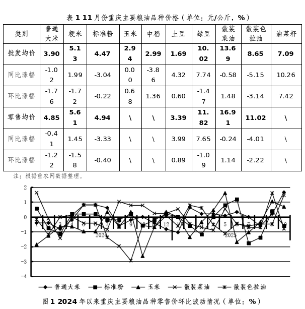 11月,市内粮油市场储备充足,各品种价格稳中有涨。监测的六类十种单品3稳3涨4跌,粮油综合均价环比跌0.60%,跌幅较上月缩小0.7个百分点,同比涨0.46%。。
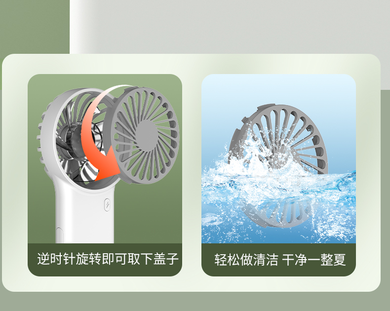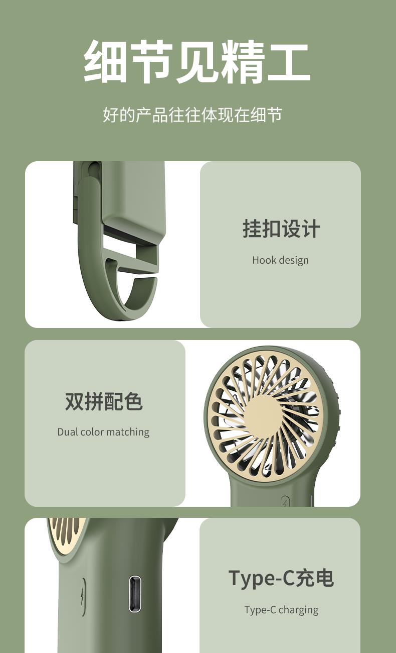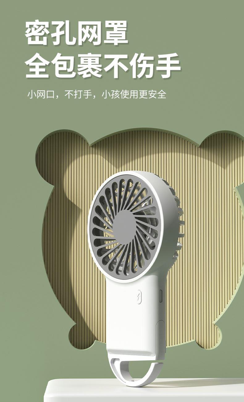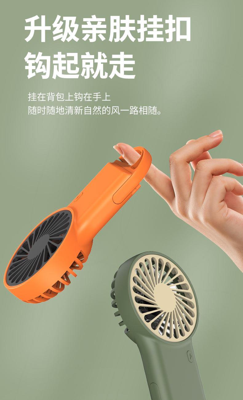 手持桌面户外小风扇Y17 颜色:白色 黄色 绿色 材质:ABS 尺寸:85*33*160mm 容量:600mAh 包装:彩盒包装 【推荐理由】: 精致小巧,方便携带 三档风速可调 桌面/手持 /自带挂钩多种使用方法
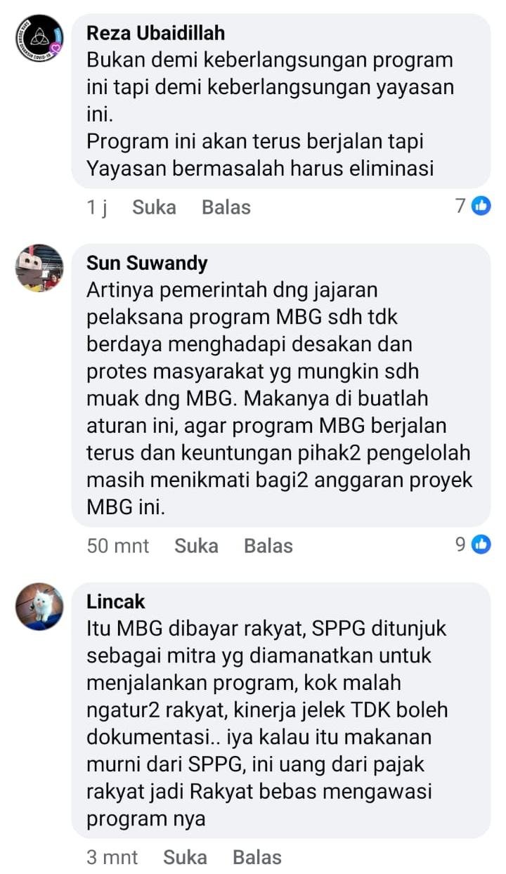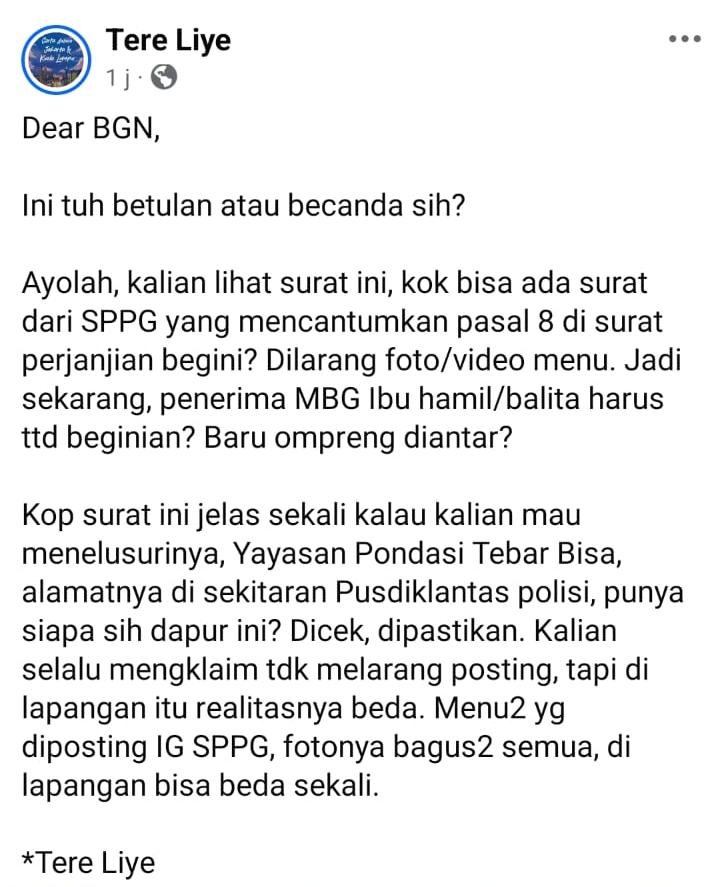 Kop surat ini jelas sekali kalau kalian mau menelusurinya, Yayasan Pondasi Tebar Bisa, alamatnya di sekitaran Pusdiklantas polisi, punya siapa sih dapur ini? Dicek, dipastikan. Kalian selalu mengklaim tdk melarang posting, tapi di lapangan itu realitasnya beda. Menu2 yg diposting IG SPPG, fotonya bagus2 semua, di lapangan bisa beda sekali.
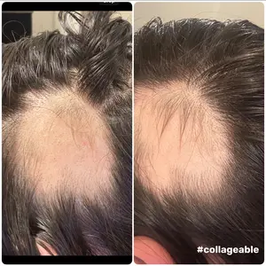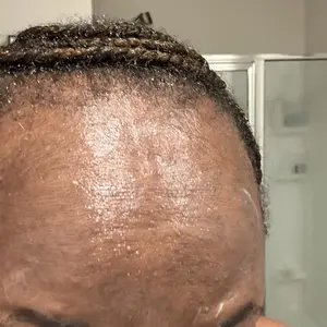 Thus product is the best hair growth oil based on results and smell and I went bald giving up but this was my last resort before pure baldom . Red was before I used the product and less than 4 weeks later you can see lots of new growth on the edges of my head I expect full coverage in 45-60
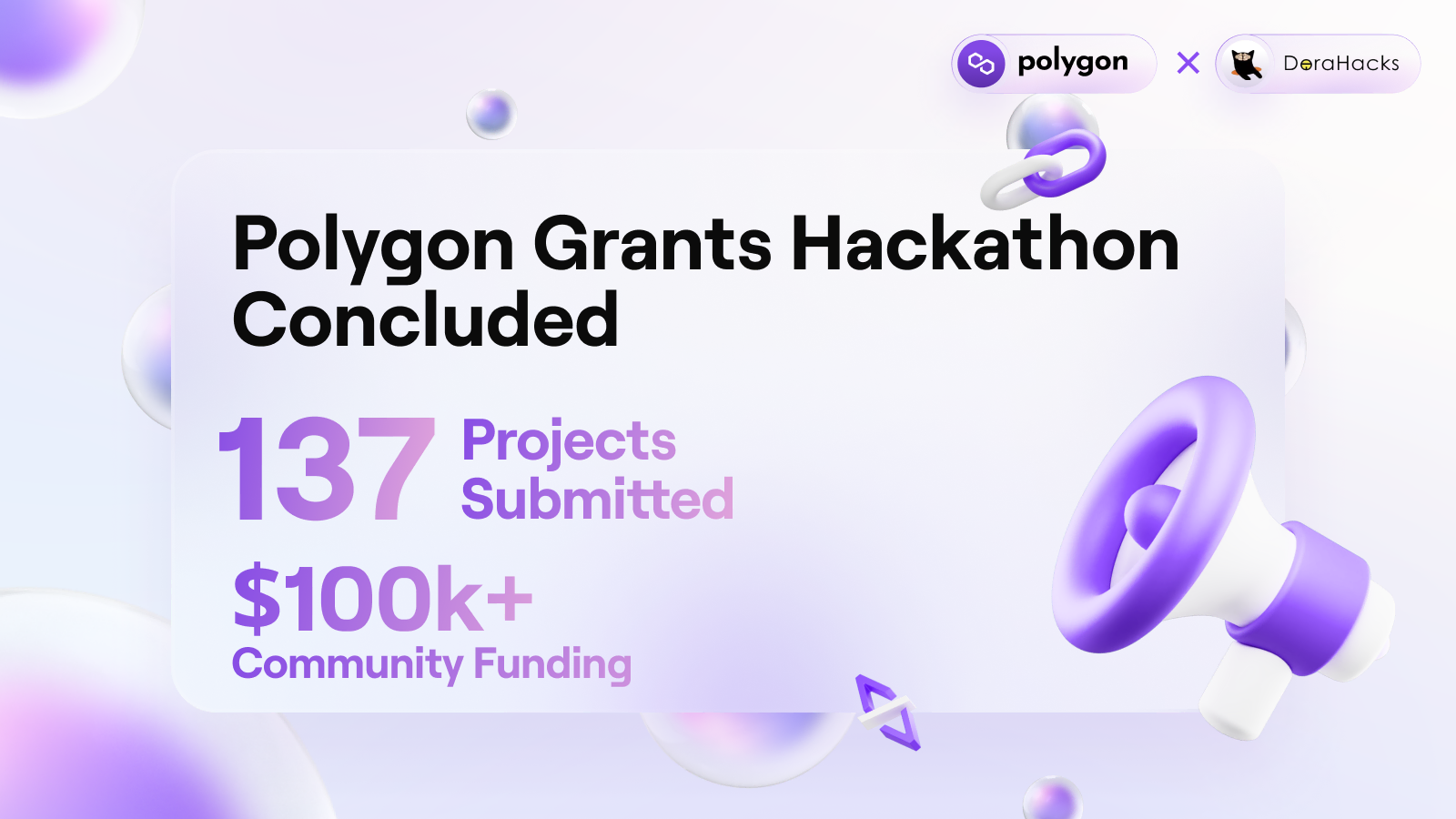 Dorahacks has just successfully hosted the Polygon Grants Hackathon. The 2-month hackathon saw 137 Polygon native projects compete to win $100k in prizes. The prizes were split between the Judge Pool and the Quadratic Funding Pool. Additional funding came via community quadratic voting and resulted in 62,210 $MATIC (~$110K+) donated by the community itself.
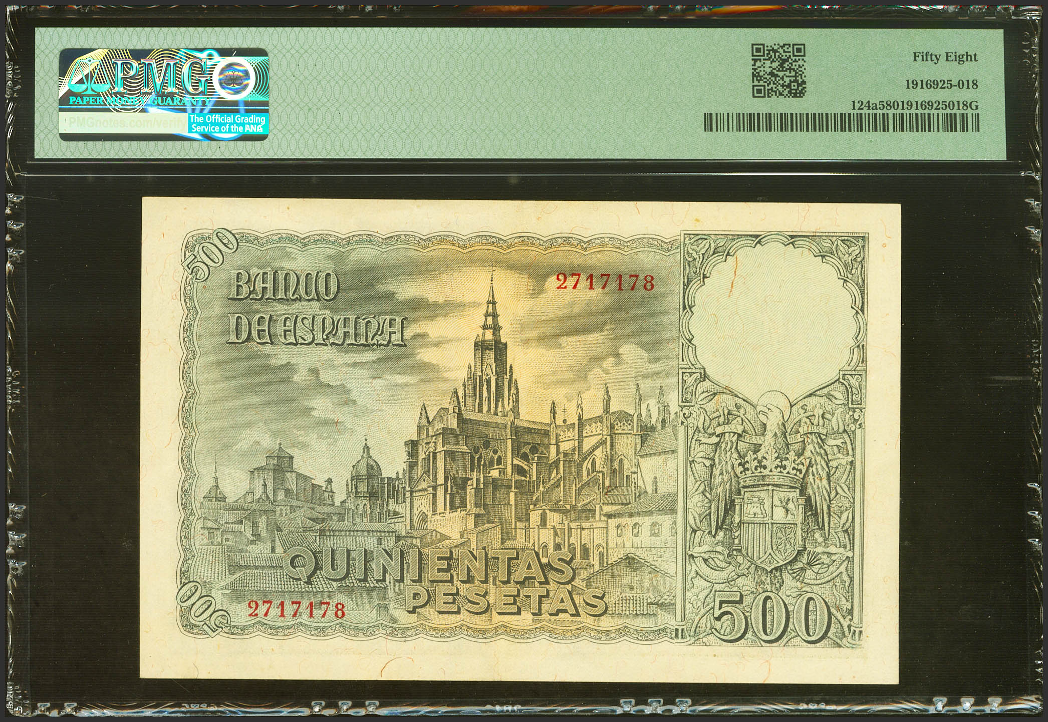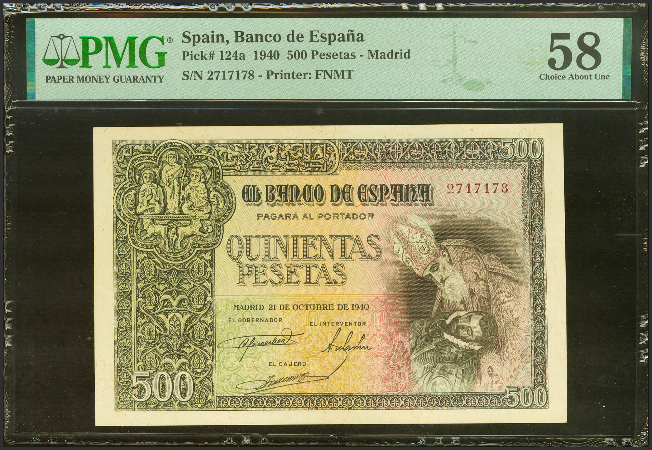 500 Pesetas. 21 de Octubre de 1940. Sin serie. (Edifil 2023: 444, Pick: 124a). Inusual en esta excepcional calidad. EBC++. Encapsulado PMG58.
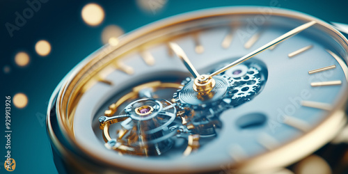 Closeup of luxury watch movement with intricate gears and jewels on blue background, showcasing precision engineering and craftsmanship for horology enthusiasts or timepiece collectors
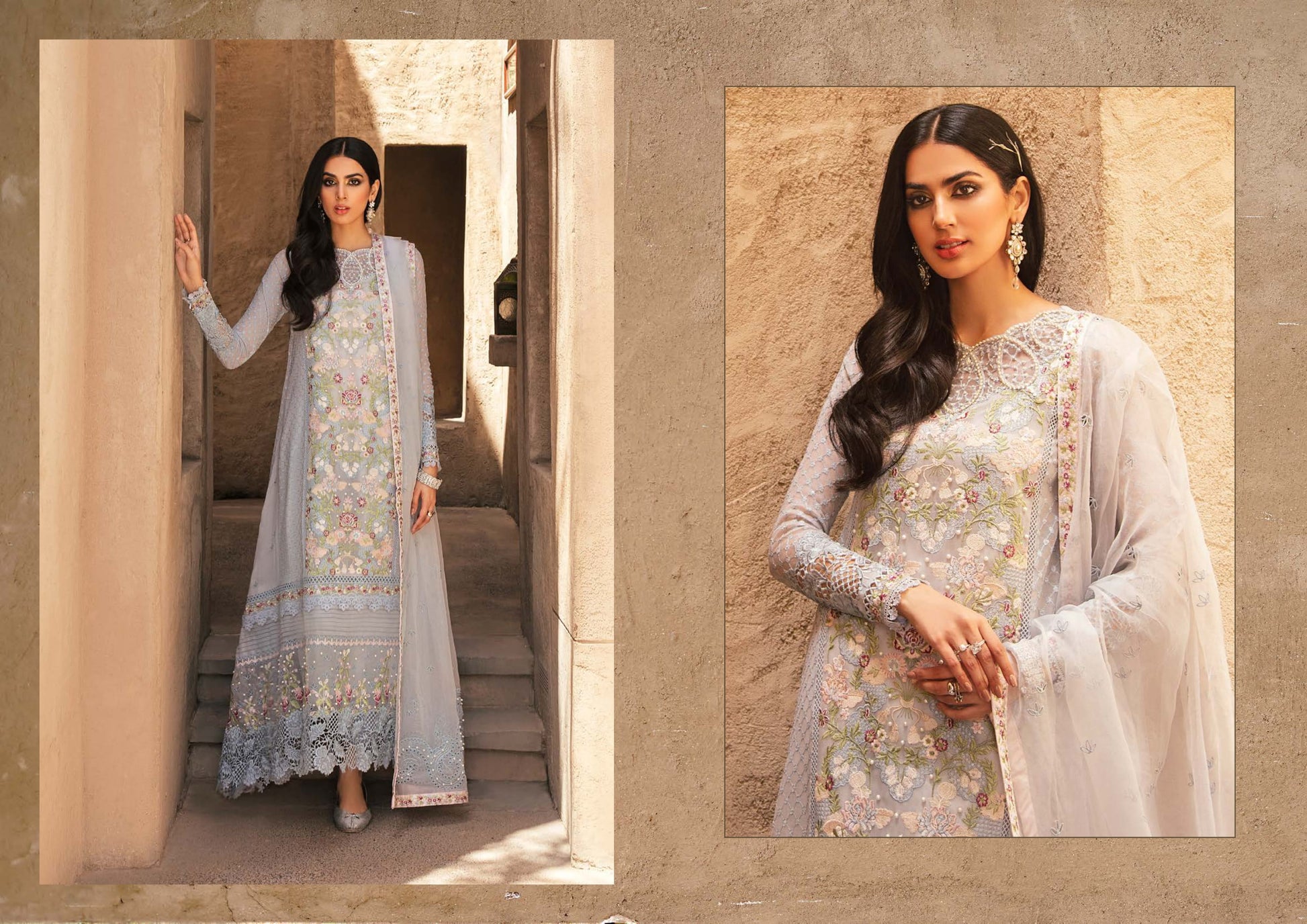 • Floral embroidered organza patti for border and sleeves
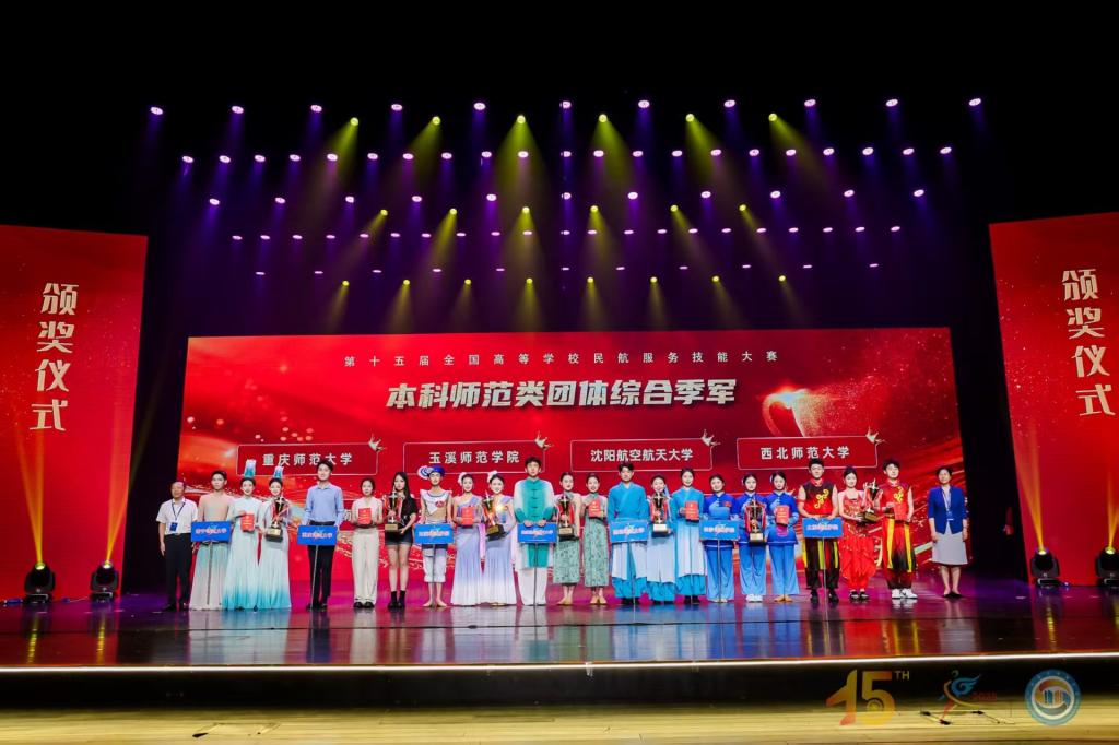 7月11日-24日,2025年全国高等学校民航服务技能大赛暨供需对接就业活动在北京举行。米乐官网地理与旅游学院航空服务艺术与管理专业2023级的28名学生参赛并斩获本科师范类团体综合季军,2名学生进入金通杯全国主持人大赛十强,2名学生获得航空服务与礼仪形象大使称号。校党委常委、副校长孟小军出席闭幕式汇报展演暨颁奖晚会。

-=-=-

WHAT NEEDS TO BE DONE
The expected output is an exact copy of the lines from the top of the data above through the line containing "Kop surat ini", both included, with every picture omitted.

RESPONSE TO THIS EXERCISE
 11月,市内粮油市场储备充足,各品种价格稳中有涨。监测的六类十种单品3稳3涨4跌,粮油综合均价环比跌0.60%,跌幅较上月缩小0.7个百分点,同比涨0.46%。。
 手持桌面户外小风扇Y17 颜色:白色 黄色 绿色 材质:ABS 尺寸:85*33*160mm 容量:600mAh 包装:彩盒包装 【推荐理由】: 精致小巧,方便携带 三档风速可调 桌面/手持 /自带挂钩多种使用方法
 Kop surat ini jelas sekali kalau kalian mau menelusurinya, Yayasan Pondasi Tebar Bisa, alamatnya di sekitaran Pusdiklantas polisi, punya siapa sih dapur ini? Dicek, dipastikan. Kalian selalu mengklaim tdk melarang posting, tapi di lapangan itu realitasnya beda. Menu2 yg diposting IG SPPG, fotonya bagus2 semua, di lapangan bisa beda sekali.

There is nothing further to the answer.